During the 10-day special morning prayer meetings we had last January, I preached from the book “Heaven” by Randy Alcorn. The subject of heaven made me think of my grandmother, whom I hope to see first when I go to heaven.
My grandmother had a warm and loving heart. When I was in high school, most students wore army boots because they were inexpensive and durable. In the winter, she warmed my boots near the stove before I wore them so that my feet wouldn’t get cold. When making soup, she always replaced the soup in my bowl with fresh soup from the pot right before I ate so that I could eat hot soup from a warmed-up bowl.
On New Year’s Eve, she would send me on errand. Although we were not rich, she had me buy coal, meat, or eggs and deliver them to poor families. Boys in their teens don’t like to go on errands like this, especially when it involves carrying grocery bags, but I didn’t mind. Actually, I enjoyed it.
My grandfather, a pastor, was one of 6 people in his denomination in Korea who died for their faith during the Korean War. He was officially declared a martyr by the Korean Christian organization that built a memorial hall for martyrs.
He was an honest, respected man, but a terrible breadwinner.
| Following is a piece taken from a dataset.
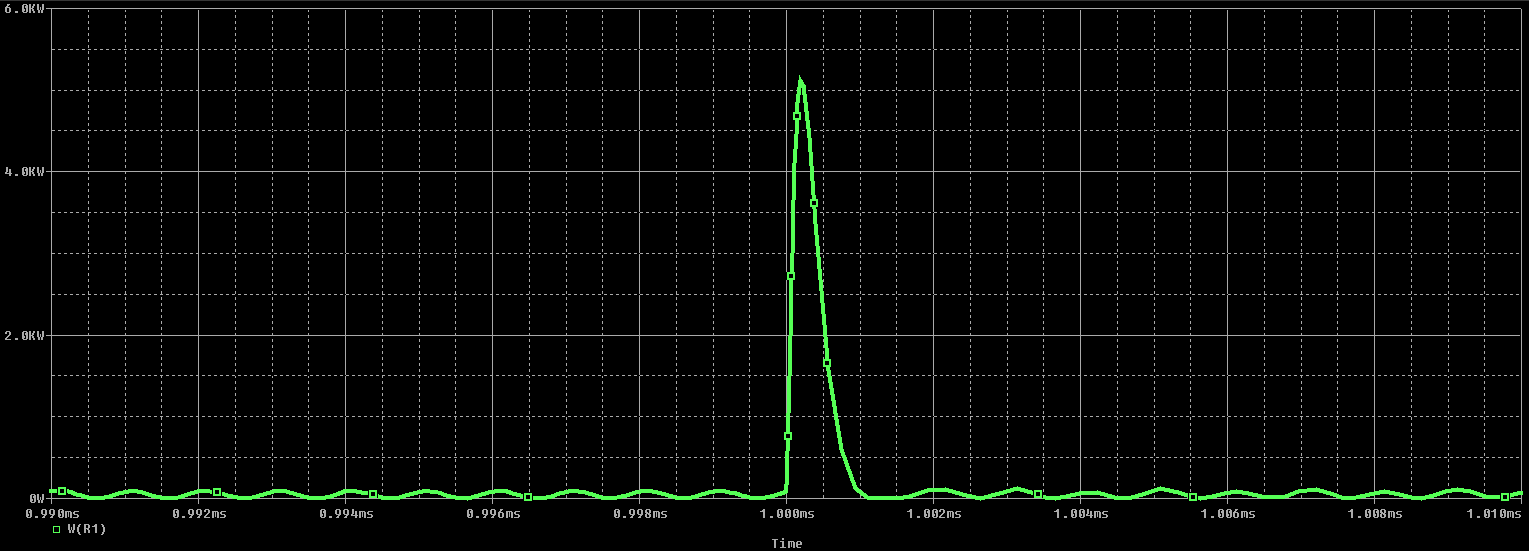 為了進(jìn)一步分析,可以在參數(shù)掃描中掃描 ESD事件的幅度,以顯示瞬態(tài)響應(yīng)在負(fù)載下如何變化。還可以將負(fù)載中的功率與其額定功率進(jìn)行比較,以確定這種事件是否會(huì)導(dǎo)致負(fù)載故障。如下圖所示。由于SPICE仿真可以計(jì)算每個(gè)節(jié)點(diǎn)的電壓和電流,因此可以輕松計(jì)算負(fù)載組件中的功率并將其放置在圖中。從該圖可以看出,負(fù)載中消耗的功率約為5 kW,足以破壞大多數(shù)組件。

His salary was so meager that my grandmother supported her family by providing room and board for other pastors’ sons and daughters who came to Seoul to study.
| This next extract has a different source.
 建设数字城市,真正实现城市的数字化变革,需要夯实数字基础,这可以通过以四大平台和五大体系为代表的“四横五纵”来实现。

My grandmother stopped attending Sunday services after my grandfather was gone, saying that her health was too poor to sit through long services. But everybody knew that she didn’t come to church because she didn’t want to make the new pastor and his wife feel uncomfortable by attracting church members’ attention.
However, there was a steady stream of visitors at our house, most of them female Christian workers and pastors’ wives. The wife of Pastor Sund-Bong Lee, a well-known evangelist of the time, used to visit my grandmother and stayed from early in the morning until late at night, sometimes both of them lying down and talking. As I recall, my grandmother usually said nothing but just listened, sometimes for hours.
I think that she liked me most out of her many descendants because my father was her first son, and I was her first grandson. She and I lived together the longest. She lived with us when I was at Ohio State University for graduate school. She came and lived nearby when I got a job in California. She died there when she was 92 years old.
Many people came to her funeral from all over the States. She was buried like a celebrity although she never went to school in her entire life (she taught herself to read and write). People shared stories about how she loved, encouraged, and helped them. One attendee commented that the atmosphere felt like a wedding rather than a funeral.
I am so thankful to Jesus who provided a place called heaven so that I will see her again.